Leo Africanus added our ancestors were "clad ... in skinnes of beasts, neither had they any peculiar wives . . . and when night came they resorted, both men and women, into one cottage together . . . and each man choosing his [woman] which hee had most fanciee unto."
This tradition contributed to the globalized narrative of the African, and consequently, the Igbo. And then, enter Anglican Bishop George Basden and his 1921 book “ethnographical” text, “Among the Ibos of Nigeria.”
Basden said Igbo women “select their companions from their own sex, as do the men, but each has her own particular male friend, independently of her husband, with whom a more or less clandestine relationship is maintained.”
Basden continued, saying that “women consort to women.” Emphasis on "consort."

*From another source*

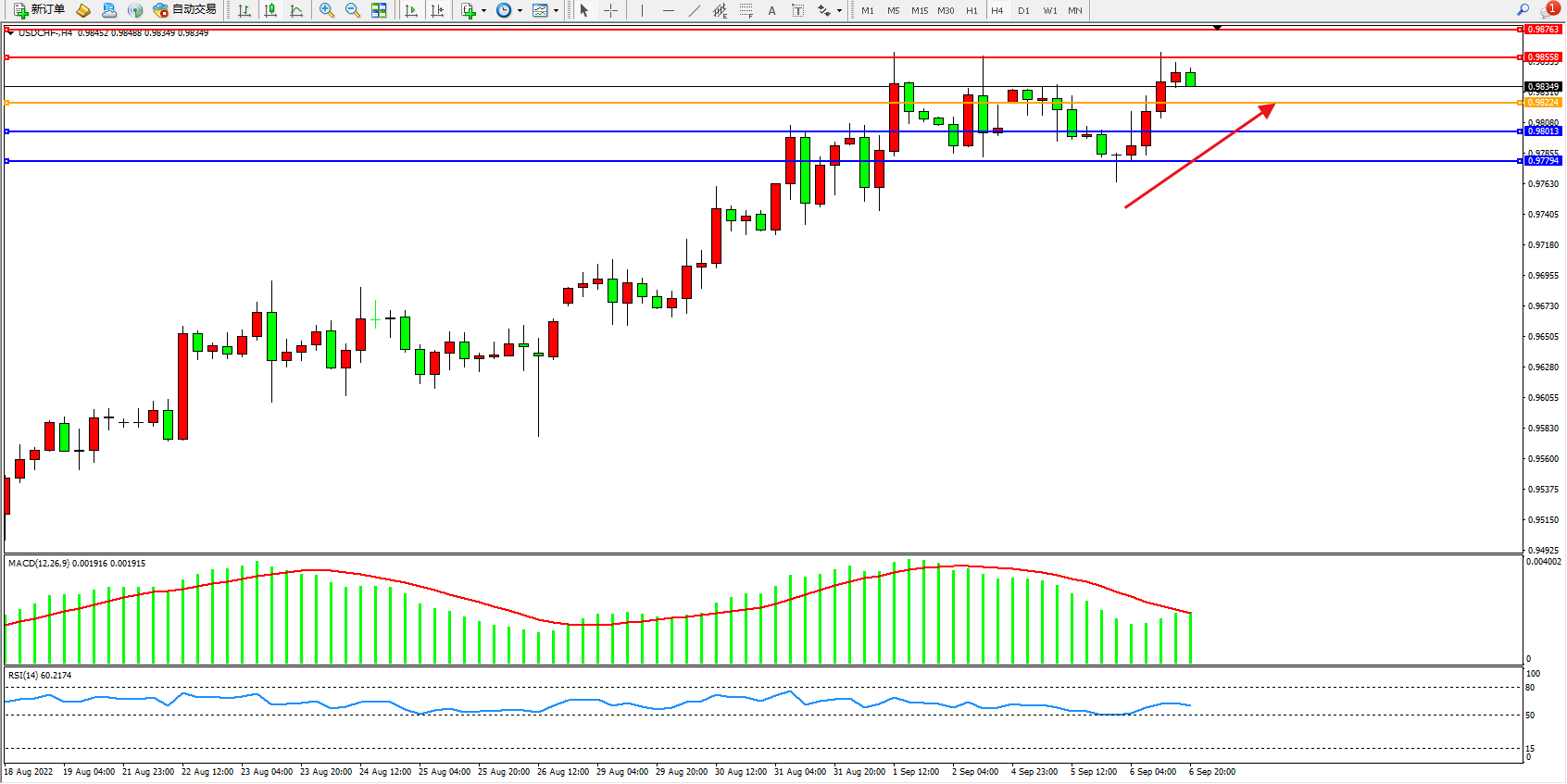交易策略:0.98224上方看涨,目标0.98558、0.98763

This is part of our supposed moral decadence they tried to correct.
In “Transforming Christian Womanhood: Female Sexuality and Church Missionary Society Encounters in the Niger Mission, Onitsha,” Jenny Daggers said that the “effort to convert African women to Christianity transformed the religious and sexual lives of African women converts.”
A lot went into beating the Igbo into shape to fit the Victorian notion of womanhood, marriage, and family. And so, most of what we call our culture today are colonial relics they thought were superior to our structures/systems.
It's okay to say you disagree with their racist framing of our early approach to sex, marriage, and gender realities. That's the point of this thread, to critically access the lens through which they narrativized us.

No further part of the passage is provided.